Por su parte, el senador socialista y exministro de Salud, Daniel Olesker, habló de “improvisación” y “retraso” de parte del gobierno a la hora de definir la compra de las vacunas, ante lo cual considera era un previsible aumento de casos.

Conejillo de Indias.

Desde la coalición, el senador Gustavo Penadés defendió al gobierno, al indicar que “Uruguay no se demoró” y solo está “tratando de negociar en las mejores condiciones posibles”.

“Hay países que han permitido la utilización de sus ciudadanos con el objetivo de tener esas vacunas en tiempo récord, podríamos decir como conejillo de indias. Esa no es la decisión de Uruguay”, concluyó Penadés en la conferencia de prensa.

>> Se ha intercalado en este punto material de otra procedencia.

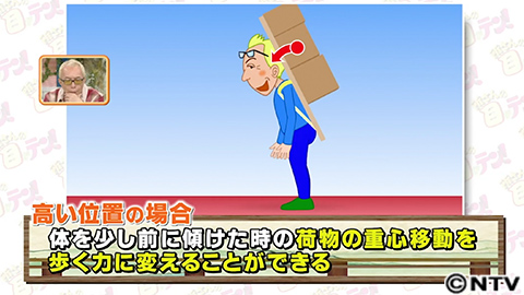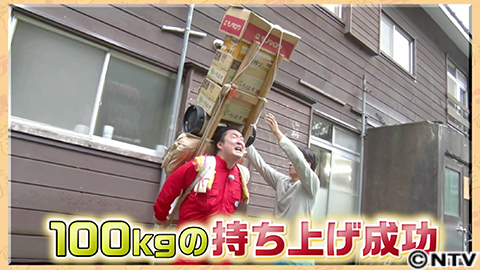 石髙さんは、荷物を前にかがめ、軽々と立つことに成功!そしてコネオさんも挑戦です!コネオさんは大学時代、ボート部でキャプテンを務めていた体力自慢!なんと100kgの荷物を1回で持ち上げる事に成功!

“Se gasto un solo punto del PBI”, aseguró el FA

“Hay una visión sanitaria que no refleja la realidad”, dijo el senador socialista Daniel Olesker, respecto al manejo que hace el gobierno de la pandemia. Con esto se refirió principalmente a lo que entiende como falta de respuestas económicas que permitan “reducir la movilidad” y así contener el avance del coronavirus.

“Hemos notado una disposición a no gastar dinero para hacer frente a la pandemia. Desde que empezó esto se gastaron 500 millones de dólares, un punto del PBI”, concluyó Olesker.

Cruce de reproches con el Frente Amplio
Sandra Lazo y Daniel Olesker en conferencia de prensa tras Comisión de Salud. Foto: Leonardo Mainé.

El ambiente estuvo caldeado ayer en la Comisión de Salud del Senado, donde se generó un fuerte cruce entre el ministro Daniel Salinas y el senador socialista Daniel Olesker, quien protagonizó otra discusión con el nacionalista Gustavo Penadés.

“El estilo de la reunión de parte de la coalición fue de reproche y mal. No estuvo bien”, dijo Olesker ayer en conferencia.

Según supo El País, dentro de la reunión el socialista dijo que el gobierno estuvo “omiso” y eso generó una dura respuesta de la coalición. El primero en contestar fue Penadés, le siguieron el secretario de Presidencia, Álvaro Delgado, y luego Salinas. “No voy a aceptar que se acuse al gobierno de omiso”, respondió Penadés. Enseguida aseguró que desde el FA no se votó la reglamentación del derecho a reunión.

Delgado respondió en los mismos términos, pero Salinas enumeró una a una las movilizaciones que se habían hecho desde mayo hasta ahora, y aseguró que desde el FA se estimuló a concurrir. “¿Cómo puede ser que el GACH recomiende separar sombrillas y no se entiende que una marcha es igual o peor en sus efectos?”, preguntó.

En tanto, cuando habló Penadés desde el FA sugirieron que “faltaba a la verdad”, a lo que este respondió: “A sus mentiras las escuché callado, así que ahora escuchen ustedes”.